BEGIN Data to use

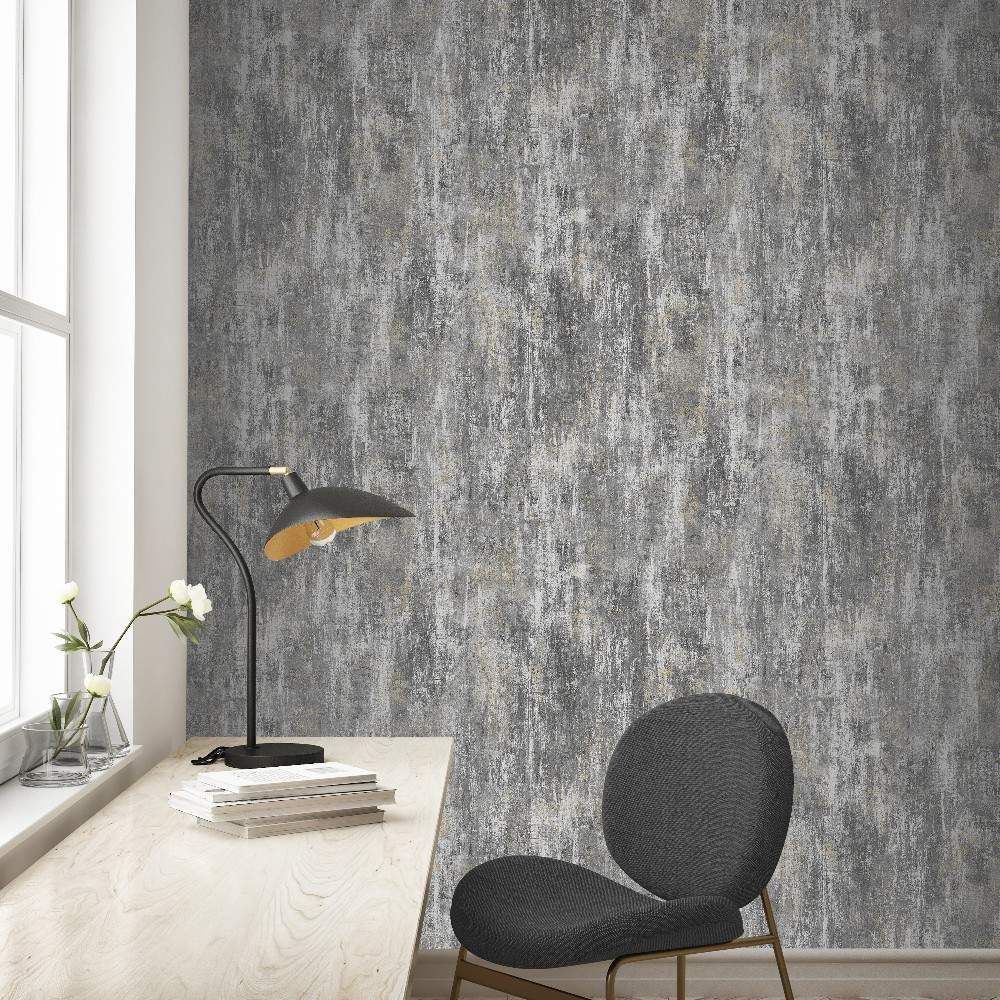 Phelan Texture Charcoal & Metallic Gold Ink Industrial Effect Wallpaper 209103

END Data to use
BEGIN Data to use

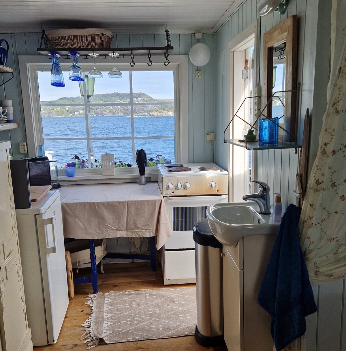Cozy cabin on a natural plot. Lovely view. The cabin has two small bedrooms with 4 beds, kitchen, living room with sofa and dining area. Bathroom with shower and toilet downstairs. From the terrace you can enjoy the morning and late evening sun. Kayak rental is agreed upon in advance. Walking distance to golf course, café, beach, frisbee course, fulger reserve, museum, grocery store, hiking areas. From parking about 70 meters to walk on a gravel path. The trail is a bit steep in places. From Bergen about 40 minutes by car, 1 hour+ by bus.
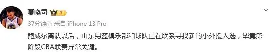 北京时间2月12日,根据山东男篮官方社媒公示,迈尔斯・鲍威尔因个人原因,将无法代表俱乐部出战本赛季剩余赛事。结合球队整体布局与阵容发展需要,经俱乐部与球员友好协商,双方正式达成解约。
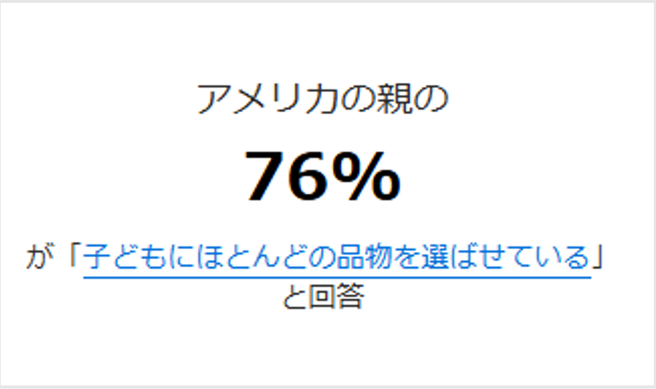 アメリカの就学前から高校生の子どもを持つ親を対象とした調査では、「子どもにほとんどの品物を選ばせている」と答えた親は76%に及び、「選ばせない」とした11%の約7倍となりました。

END Data to use
BEGIN Data to use

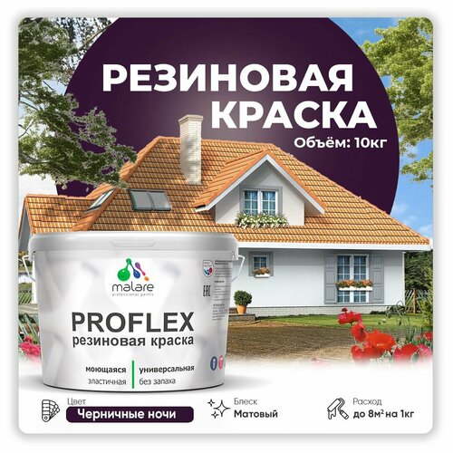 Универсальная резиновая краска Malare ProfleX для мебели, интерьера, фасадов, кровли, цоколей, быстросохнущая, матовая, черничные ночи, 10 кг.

END Data to use

[Task to complete]
Look above for the line with "Cozy cabin on" and the line with "アメリカの就学前から高校生の", then copy them and all lines in between exactly as written, and only those, without any pictures.

[Written answer]
Cozy cabin on a natural plot. Lovely view. The cabin has two small bedrooms with 4 beds, kitchen, living room with sofa and dining area. Bathroom with shower and toilet downstairs. From the terrace you can enjoy the morning and late evening sun. Kayak rental is agreed upon in advance. Walking distance to golf course, café, beach, frisbee course, fulger reserve, museum, grocery store, hiking areas. From parking about 70 meters to walk on a gravel path. The trail is a bit steep in places. From Bergen about 40 minutes by car, 1 hour+ by bus.
 北京时间2月12日,根据山东男篮官方社媒公示,迈尔斯・鲍威尔因个人原因,将无法代表俱乐部出战本赛季剩余赛事。结合球队整体布局与阵容发展需要,经俱乐部与球员友好协商,双方正式达成解约。
 アメリカの就学前から高校生の子どもを持つ親を対象とした調査では、「子どもにほとんどの品物を選ばせている」と答えた親は76%に及び、「選ばせない」とした11%の約7倍となりました。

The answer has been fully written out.